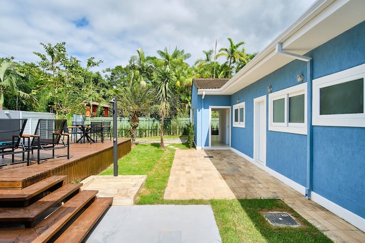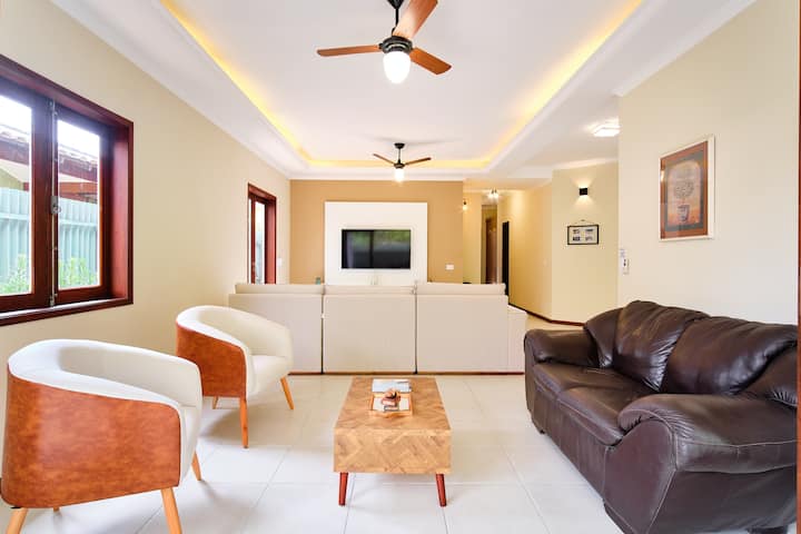 Groot huis met 3 slaapkamers, alle suites, met airconditioning en plafondventilator. Twee slaapkamers hebben een queensize tweepersoonsbed en eenpersoonsbed, en het grotere slaapkamer queensize tweepersoonsbed en eenpersoonsbed met nog een eenpersoonsbed. Om de sociale ruimte te bedienen, hebben we nog een badkamer van het badkamertype. Grote kamer met twee kamers, één met een bekledingsset, een smart-tv met Sky en de andere kamer met fauteuils en bank, beide met plafondventilatoren. Cup met tafel met 8 stoelen. De keuken is compleet met alle spullen die je nodig hebt, zoals een koelkast, een fornuis, een fornuis, een magnetron, een koffiezetapparaat, een broodrooster, een broodrooster, een blender, een elektrische friteuse en ander keukengerei dat je nodig hebt, in de keuken staat een andere tafel met 4 stoelen. Wasruimte met tank, strijkplank en strijkplank. Wasmachine.
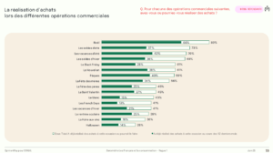Il est intéressant de noter que dans ce contexte, les consommateurs sont de plus en plus sensibles aux opérations commerciales. Une part grandissante des intentions d’achat sont attribuées aux sollicitations des fêtes et agendas promotionnels. Par exemple si 28 % des français ont déclaré avoir réalisé des achats à l’occasion du Black Friday 2024, ils sont 61% à déclarer avoir l’intention de le refaire dans le futur. Phénomène encore plus marqué pour des opérations Blanc, French Days ou les Foires aux vins.
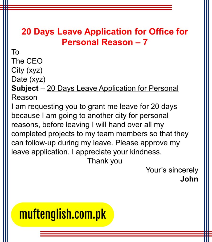 I am requesting you to grant me leave for 20 days because I am going to another city for personal reasons, before leaving I will hand over all my completed projects to my team members so that they can follow up during my leave. Please approve my leave application. I appreciate your kindness.
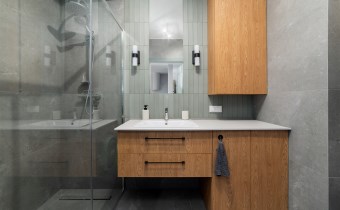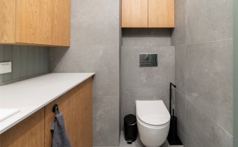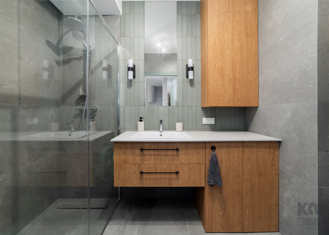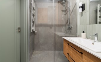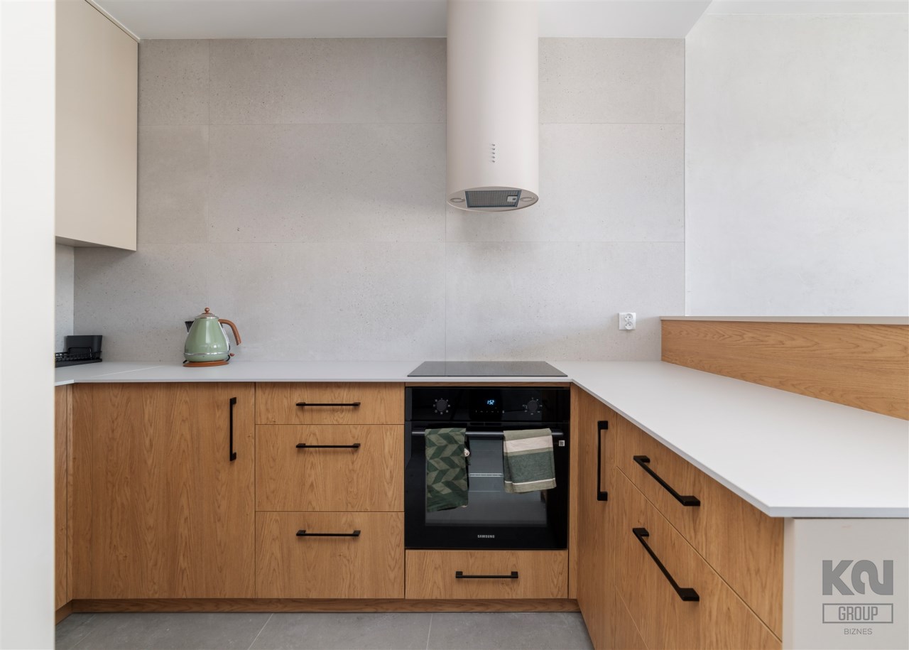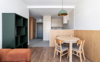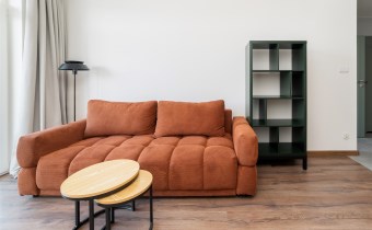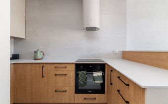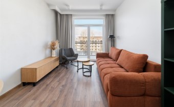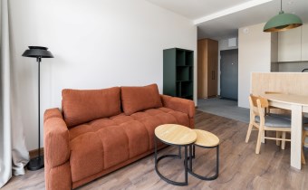 The apartment’s usable area includes: - an elegant living room with access to a balcony; - a modern kitchenette equipped with an induction hob, hood, oven, refrigerator, and dishwasher; - a bedroom with a comfortable bed, built-in wardrobe, and space for a dressing table or work area; - a spacious bathroom equipped with a shower and a washing machine; - a hall with a built-in wardrobe.
★ ★ ★ ★
BRIEF: Output precisely the lines in the material above from the line containing "I am requesting" through its last line, and omit pictures.

EXPECTED ANSWER:
 I am requesting you to grant me leave for 20 days because I am going to another city for personal reasons, before leaving I will hand over all my completed projects to my team members so that they can follow up during my leave. Please approve my leave application. I appreciate your kindness.
 The apartment’s usable area includes: - an elegant living room with access to a balcony; - a modern kitchenette equipped with an induction hob, hood, oven, refrigerator, and dishwasher; - a bedroom with a comfortable bed, built-in wardrobe, and space for a dressing table or work area; - a spacious bathroom equipped with a shower and a washing machine; - a hall with a built-in wardrobe.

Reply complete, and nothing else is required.